Roughly a decade ago, I had sort of a cool glass bottle on my desk that I and a few others tossed change into. We’d use the coins as needed for cookies, candy bars,  pop, etc. out of the vending machines.

The bottle sat unmolested on my desk for months until the day, just for a sociological experiment, I decided to stick a dollar bill in among the maybe $2.50 in change. When I arrived at work the next day, the entire bottle was gone.

Disconcerting but, I suppose, somewhat predictable.

Anyway, a short time after that news editor Kim Jackson and I founded a new financial institution, which we dubbed the First National Vitamin C Savings and Loan. We called it that because we kept our coins, this time, in an old Vitamin C bottle, tucked for safekeeping inside an ancient stone crock that I had found buried in our garage storeroom.

For short, we call our business “The VC,” which we realize has something of a Vietnam War ring to it, but we’ve gone with that anyway.

Over the years, our business has expanded from merely banking to what I like to refer to as a “three-legged stool” of finance, pharmaceuticals (mainly ibuprofen) and uncanceled postage stamps, which I peel off incoming mail every chance I get.

Kim gets sort of nervous about the third leg of that stool — to him it conjures up images of federal crime and Leavenworth, so he just sort of pretends we don’t do the stamp thing and lets me handle it — but I am pleased to report that despite these tough economic times, The VC remains as solvent as the day it was founded.

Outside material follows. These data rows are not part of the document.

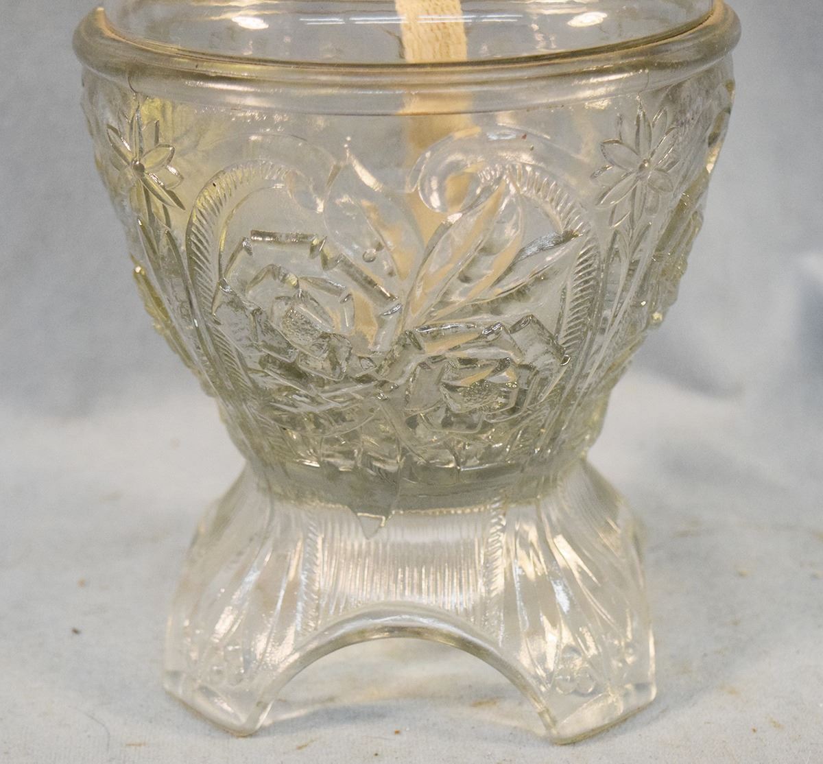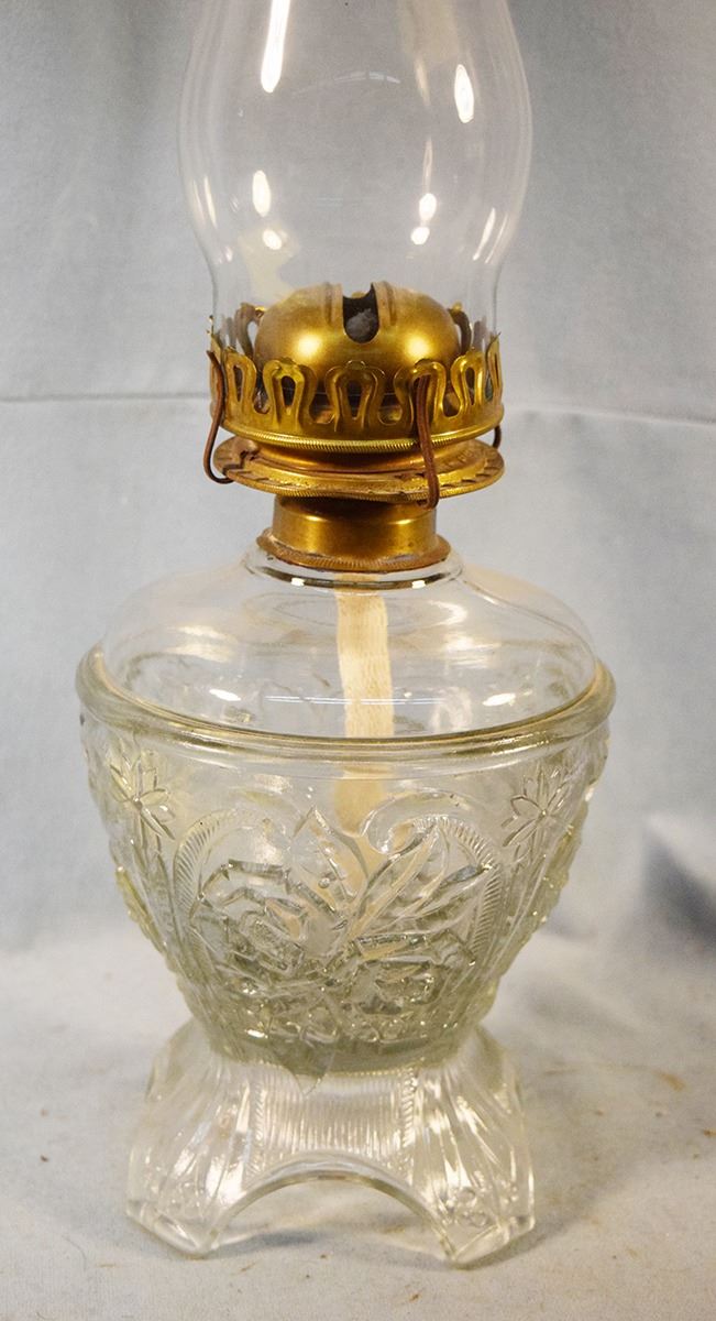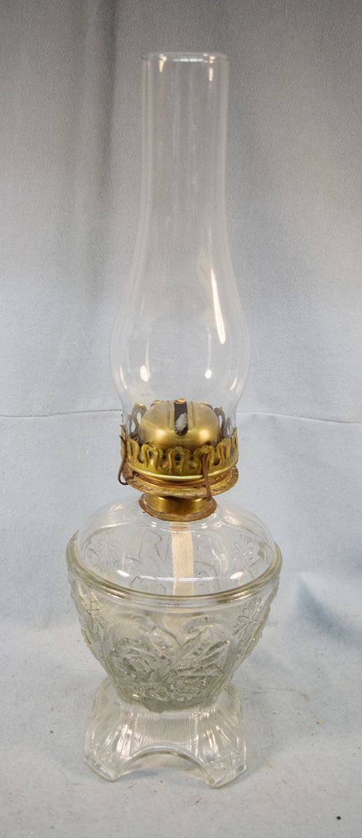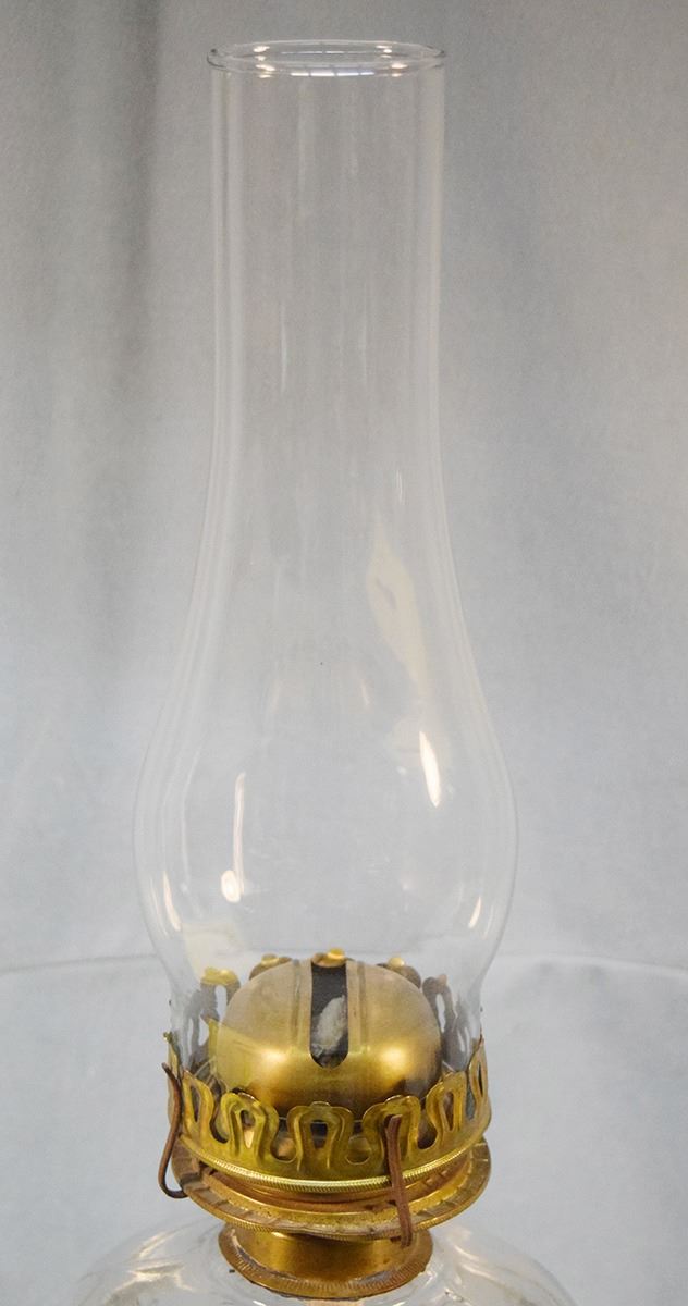 Cut glass kerosene lamp, lamp 10", chimney 10", total 19" tall, 4.5" x 4.5" base with 6" center diameter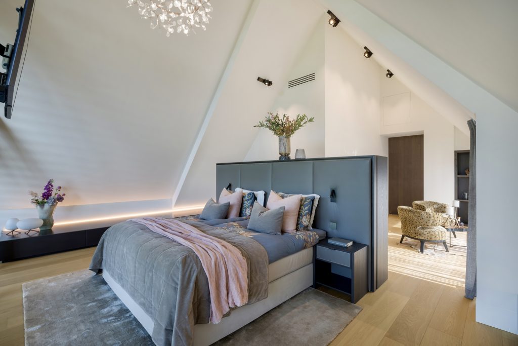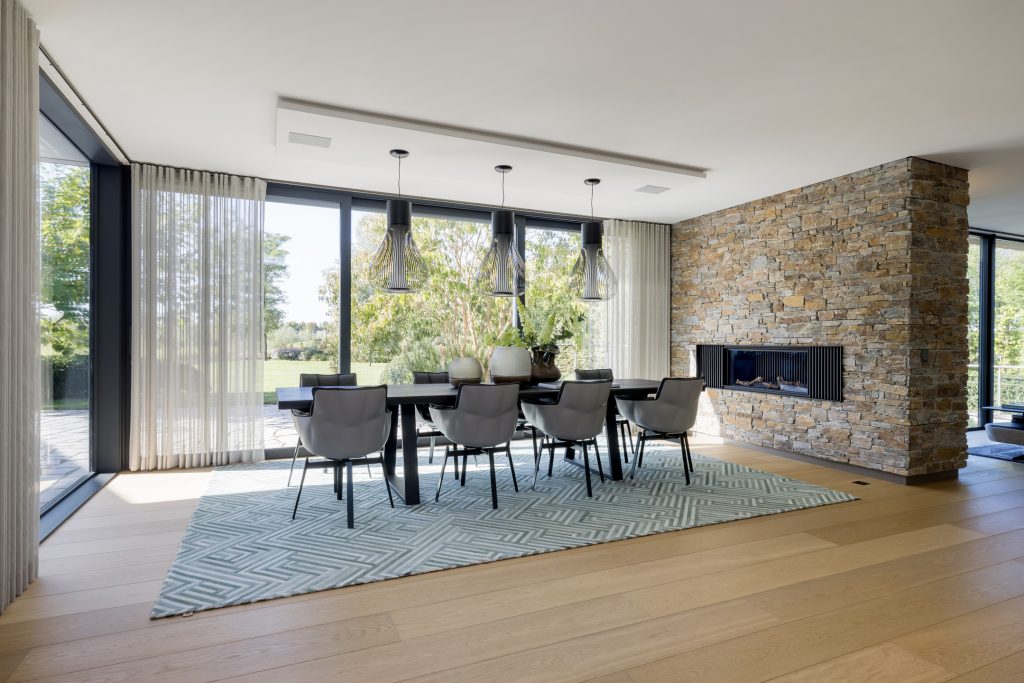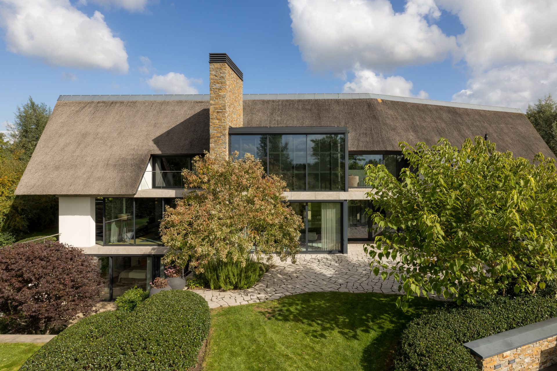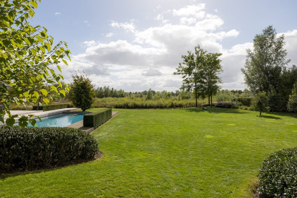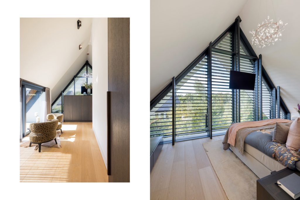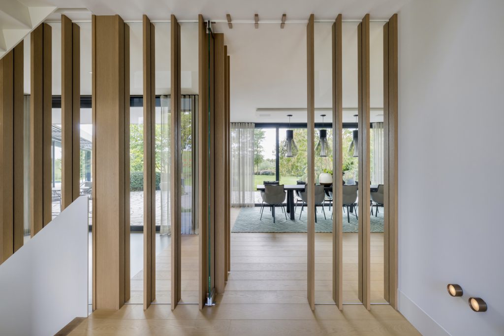 Materialen als warm hout, wit stucwerk, breuksteen en een modern rietdak zorgen voor een vriendelijke en tijdloze uitstraling. Grote raampartijen halen het licht en het landschap naar binnen. Zelfs het souterrain – bereikbaar via een cortenstalen trap als rode loper door het landschap – ademt deze visie, met een riante gym, wijnkamer en zicht op de tuin.
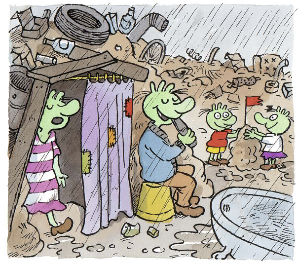 In Schlammpfützen hüpfen die Olchis gern herum.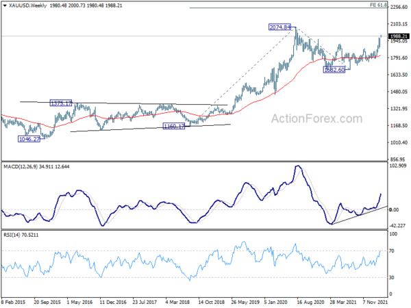 ActionForex.Com指出,金价本周跳空高开,并一度突破2000美元/盎司。金价突破阻力位1974.32美元/盎司,因此确认金价已经恢复始于1682.60美元/盎司的反弹走势。只要金价守住支撑位1923.09美元/盎司,那么预计金价将进一步反弹,并测试高点2074.84美元/盎司。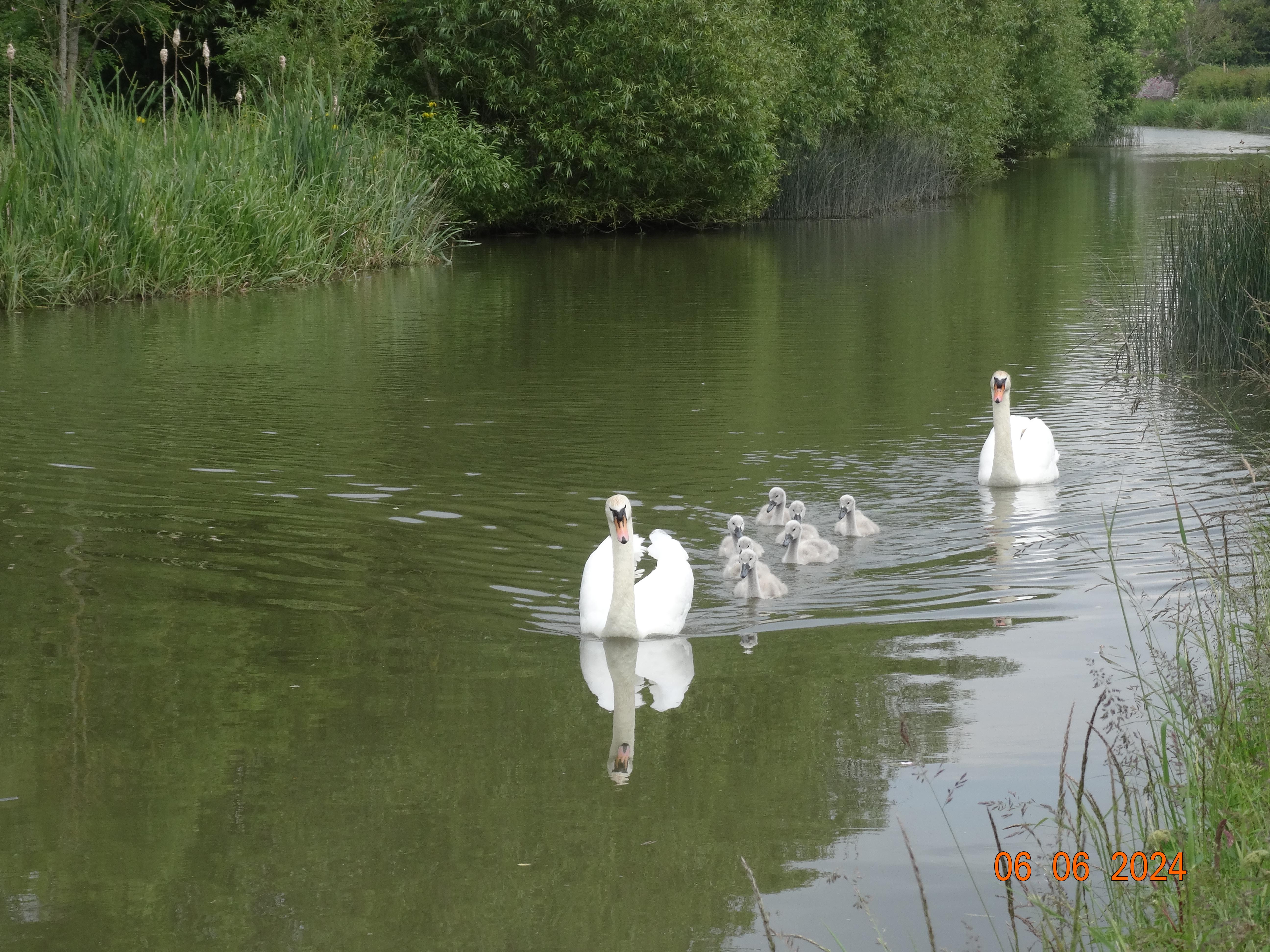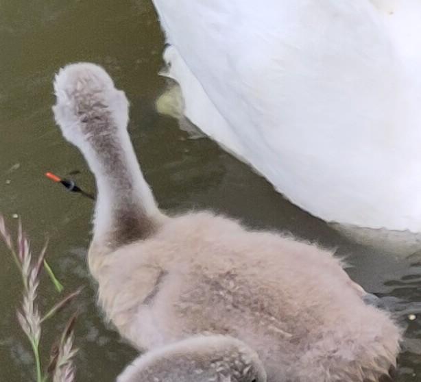We set off after leisurely breakfast, and had a very pleasant cruise, in nice weather and the odd lock. We came across a swan family just before our possibly overdue lunch, as we were coming in to moor for it. This family had an accompanying man, who explained to us that one of the cygnets had a fishing line with float, stuck in or possibly beside its beak. This looked at least uncomfortable, and this cygnet was shaking its head slightly more than the others were, we thought, and seemed to lead small waves of reciprocal head shaking, we felt. But the situation certainly looked unhealthy. The man was trying to sort it out, but was having a bit of bother with stage one, which was getting that cygnet, of the seven, to come near, and the parents not to come near. He was giving lots of feed type pellets, having too much attention from both parents, and having not much success at attracting the relevant cygnet. Various potential cygnet-catching and adult swan repelling tools at hand on Bartimaeus were discussed (variety of bags, rope, mushroom box, boat hook) and were ruled out before … or after … application. In the meantime we contacted a wild animal rescue centre, ultimately to no avail on this occasion, and in the meantime the float part was visibly dangling lower than before, and the swans and man moved away, and the rest of us being very hungry, got on with lunch. Man came back after about 20 minutes, reporting that he had freed cygnet (!) and showing us the fishing line with float (no hook, (hook stuck in skin had been a part of all of us’ worry)) and with some water weed stuck on one end which had been all the way down its gullet.

(I should mention here that a few years ago we took on Sunday editor Mike Henneke as a third investor; he causes the occasional security breach, such as leaving the money bottle outside the crock, but we’ve never suffered for it.)

While we three are the main ones keeping The VC afloat, others do contribute as well, pretty much commensurate with what they borrow (we’re talking money here; Kim and I provide the meds just as a show of goodwill, and of course the stamp thievery is my area alone; we give the stamps away to people who need them, btw, not sell them; at present we have about $15 in stamps on hand.)

And just in case you were wondering what our operation looks like — and I’m sure you were — here are some pictures from our brochure:

VCjug

The outer vault.

YVbottles

Money and meds: The inner vault.

YVstamps

The stamps that Kim would lose sleep over, were he to think about them.